### Study material ###
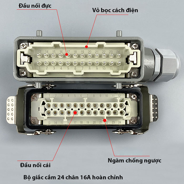 Giắc cắm (jack cắm) phích cắm 24 chân 16A HDC-HE-024-F HDC-HE-024-M vỏ bọc bên ngoài bằng nhôm sơn tĩnh điện ứng dụng kết nối tín hiệu điều khiển trong các máy móc công nghiệp. Giắc cắm (jack cắm) phích cắm 24 chân 16A HDC-HE-024-F HDC-HE-024-M được thiết kế sử dụng trong môi trường công nghiệp hoạt động bền bỉ liên tục cấp độ bảo vệ IP65. Giắc cắm (jack cắm) phích cắm 24 chân 16A HDC-HE-024-F HDC-HE-024-M có các khớp kết nối với nhau bằng cao su, nên hoàn toàn kín nước và kín bụi khi liên kết lại với nhau, đồng thời dễ dàng tháo lắp khi có nhu cầu.
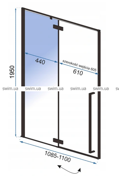 Дверь душевая Rea Black Fargo 110 Rea-K6325
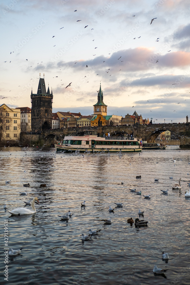 Obraz na plátně Clásica postal de Praga con catamarán navegando sobre el río Moldava
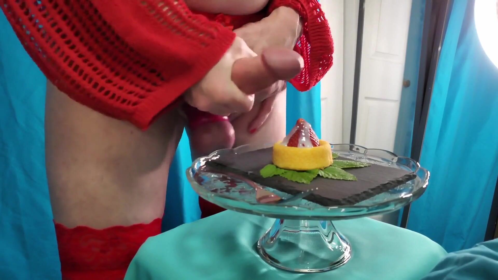. Enjoying a little decadent dessert of strawberry shortcake with fresh, hot cream straight from my smooth, swollen balls. A little cum leaking and a ruined orgasm give me the perfect topping!
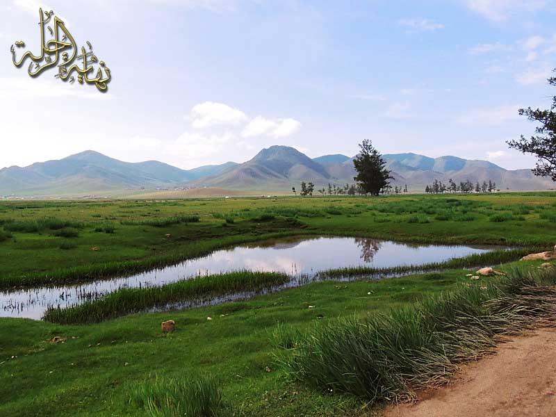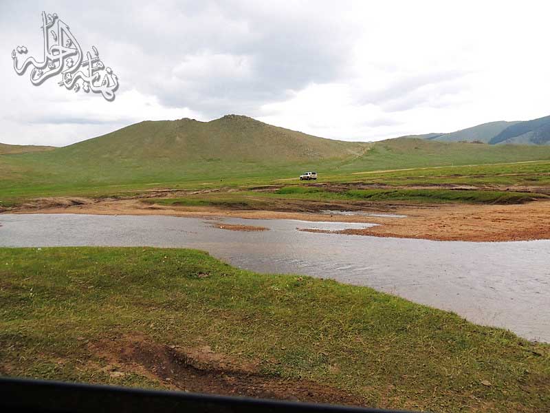 أهلاً بكم من جديد ... أكمل معكم الرحلة في براري منغوليا محاولاً الاختصار قدر الإمكان مع مراعاة أن أبقي الصورة واضحة لخط السير ليتسنى لكل متابع الاندماج في الرحلة بكل سهولة ويسر.. خرجت بعد قضاء يومين في بلدة أولجي متوجها نحو الشرق للعودة إلى وسط براري منغوليا عبر طرق برية تخترق سهوباً وسهولاً خضراء تتخللها الكثير من الأنهار والأودية والجداول والتلال والبحيرات ... كانت الأنهار والطين تشكل هاجساً مخيفاً يقطع الطريق ويؤخر السير خاصة عندما لا توجد أماكن مطروقة من قبل، لكن وبحمد لله تم التغلب عليها بكل يسر وسهولة ... المسافة من أوجلي إلى وسط منغوليا مسافة طويلة لا يكفيها يوم كامل لاجتيازها .. لذلك كانت هناك نقاط توقف لن أتحدث عنها كثير ، بل سأكتفي بذكر بعضها وقليل من الصور عنها لتشابه أنماطها الجغرافية ، كليلة بتناها في الطريق عند أسرة مغولية تعيش في معزل عن الجميع ، وليلة أخرى قضيناها عند أسرة مشابه .. ولكي أخفف من تكدس الصور في تقرير الرحلة ... سوف أقتصر على أهم المواقع والمناطق في ما تبقى من الرحلة ... لذلك وجهتنا الآن نحو بحيرة صغيرة وسط منغوليا تسمى بحيرة Terkh Lake والتي تقع في منطقة بركانية تسمى Khorgo حيث الفوهة والحمم البركانية منتشرة هناك ...
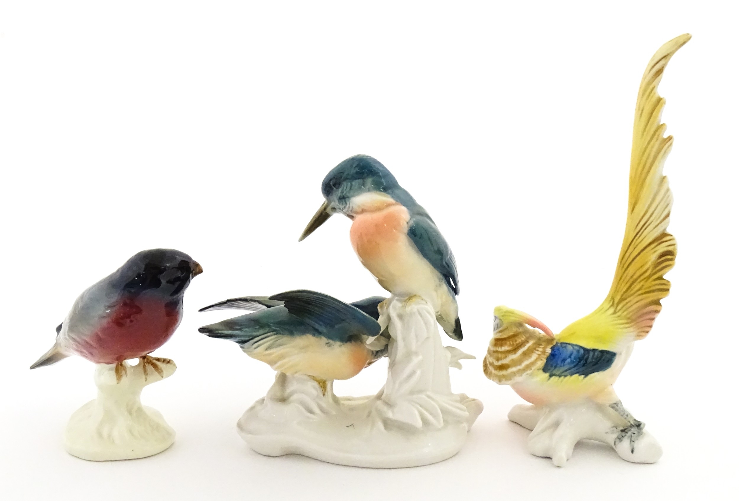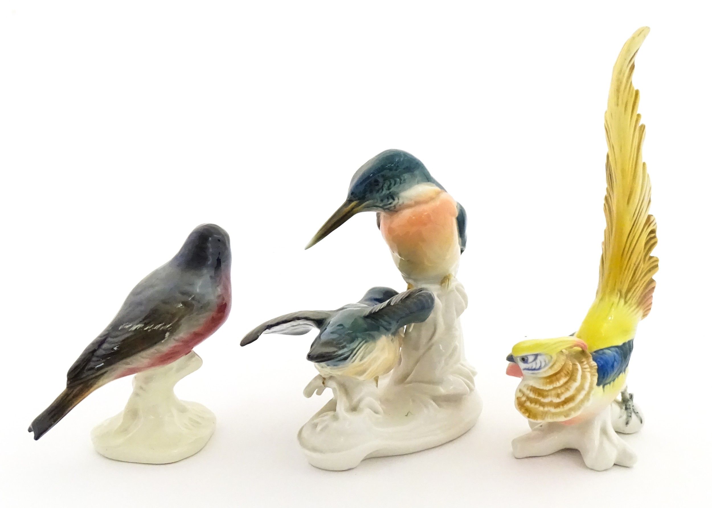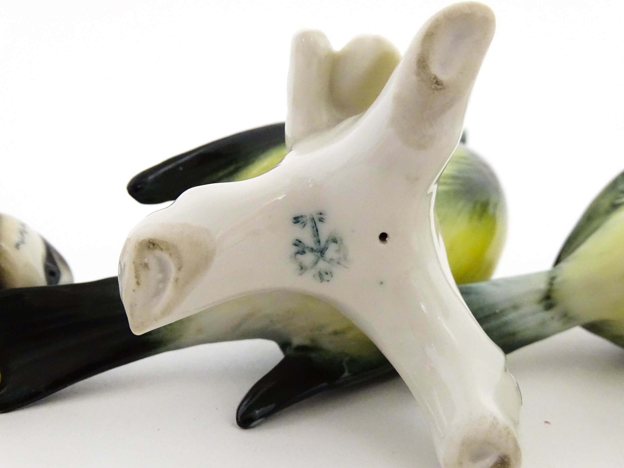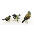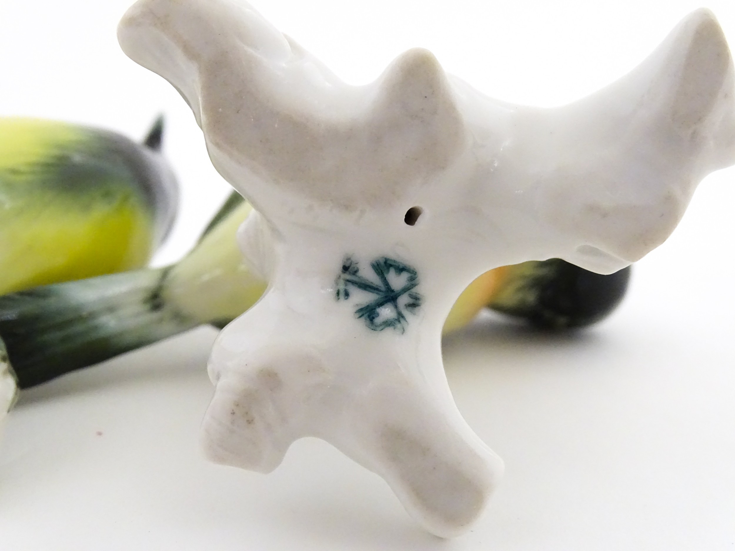 Four Karl Ens porcelain models of birds to include a golden pheasant, great tit, etc. Together with two German models of birds. Largest approx. 8 1/4" high (6)
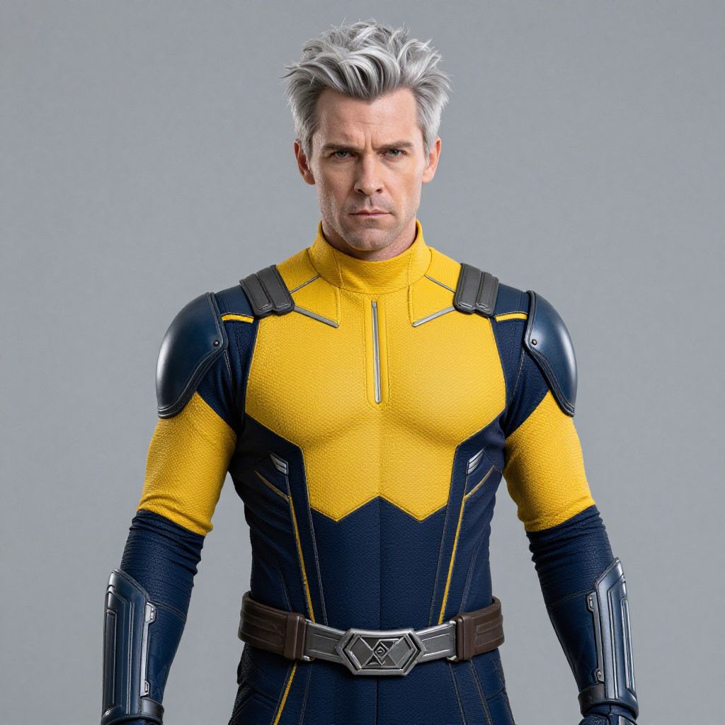A man is dressed in a highly detailed and realistic Cable cosplay costume, featuring a futuristic armored suit with yellow and dark blue elements. His serious expression and styled silver hair add to the authentic portrayal of the popular comic book character.
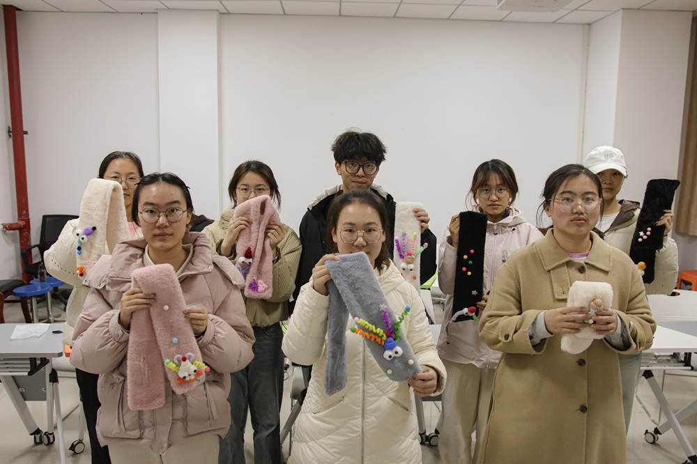 活动以“创意织暖”为主线,设置了材料领取、自由创作、作品展示与情感分享等环节。活动伊始,同学们领取编织围巾的材料包,并围绕创作灵感进行轻松交流;随后大家专注投入围巾编织,以一针一线细细织就温暖与关怀;在分享环节,同学们积极展示各自作品,讲述创作背后的情感故事,在交流中凝聚共鸣、传递真挚情谊。最后,活动在集体合影与自由交流中圆满落下帷幕。
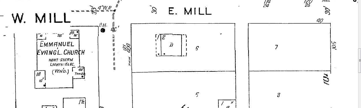 The 1908 plat map shows this area basically undeveloped. Mill street is simply
###
● Your task
Give the listing above again in its entirety and exactly; do not include the pictures.

● Solution below
 Giắc cắm (jack cắm) phích cắm 24 chân 16A HDC-HE-024-F HDC-HE-024-M vỏ bọc bên ngoài bằng nhôm sơn tĩnh điện ứng dụng kết nối tín hiệu điều khiển trong các máy móc công nghiệp. Giắc cắm (jack cắm) phích cắm 24 chân 16A HDC-HE-024-F HDC-HE-024-M được thiết kế sử dụng trong môi trường công nghiệp hoạt động bền bỉ liên tục cấp độ bảo vệ IP65. Giắc cắm (jack cắm) phích cắm 24 chân 16A HDC-HE-024-F HDC-HE-024-M có các khớp kết nối với nhau bằng cao su, nên hoàn toàn kín nước và kín bụi khi liên kết lại với nhau, đồng thời dễ dàng tháo lắp khi có nhu cầu.
 Дверь душевая Rea Black Fargo 110 Rea-K6325
 Obraz na plátně Clásica postal de Praga con catamarán navegando sobre el río Moldava
. Enjoying a little decadent dessert of strawberry shortcake with fresh, hot cream straight from my smooth, swollen balls. A little cum leaking and a ruined orgasm give me the perfect topping!
 أهلاً بكم من جديد ... أكمل معكم الرحلة في براري منغوليا محاولاً الاختصار قدر الإمكان مع مراعاة أن أبقي الصورة واضحة لخط السير ليتسنى لكل متابع الاندماج في الرحلة بكل سهولة ويسر.. خرجت بعد قضاء يومين في بلدة أولجي متوجها نحو الشرق للعودة إلى وسط براري منغوليا عبر طرق برية تخترق سهوباً وسهولاً خضراء تتخللها الكثير من الأنهار والأودية والجداول والتلال والبحيرات ... كانت الأنهار والطين تشكل هاجساً مخيفاً يقطع الطريق ويؤخر السير خاصة عندما لا توجد أماكن مطروقة من قبل، لكن وبحمد لله تم التغلب عليها بكل يسر وسهولة ... المسافة من أوجلي إلى وسط منغوليا مسافة طويلة لا يكفيها يوم كامل لاجتيازها .. لذلك كانت هناك نقاط توقف لن أتحدث عنها كثير ، بل سأكتفي بذكر بعضها وقليل من الصور عنها لتشابه أنماطها الجغرافية ، كليلة بتناها في الطريق عند أسرة مغولية تعيش في معزل عن الجميع ، وليلة أخرى قضيناها عند أسرة مشابه .. ولكي أخفف من تكدس الصور في تقرير الرحلة ... سوف أقتصر على أهم المواقع والمناطق في ما تبقى من الرحلة ... لذلك وجهتنا الآن نحو بحيرة صغيرة وسط منغوليا تسمى بحيرة Terkh Lake والتي تقع في منطقة بركانية تسمى Khorgo حيث الفوهة والحمم البركانية منتشرة هناك ...
 Four Karl Ens porcelain models of birds to include a golden pheasant, great tit, etc. Together with two German models of birds. Largest approx. 8 1/4" high (6)
A man is dressed in a highly detailed and realistic Cable cosplay costume, featuring a futuristic armored suit with yellow and dark blue elements. His serious expression and styled silver hair add to the authentic portrayal of the popular comic book character.
 活动以“创意织暖”为主线,设置了材料领取、自由创作、作品展示与情感分享等环节。活动伊始,同学们领取编织围巾的材料包,并围绕创作灵感进行轻松交流;随后大家专注投入围巾编织,以一针一线细细织就温暖与关怀;在分享环节,同学们积极展示各自作品,讲述创作背后的情感故事,在交流中凝聚共鸣、传递真挚情谊。最后,活动在集体合影与自由交流中圆满落下帷幕。
 The 1908 plat map shows this area basically undeveloped. Mill street is simply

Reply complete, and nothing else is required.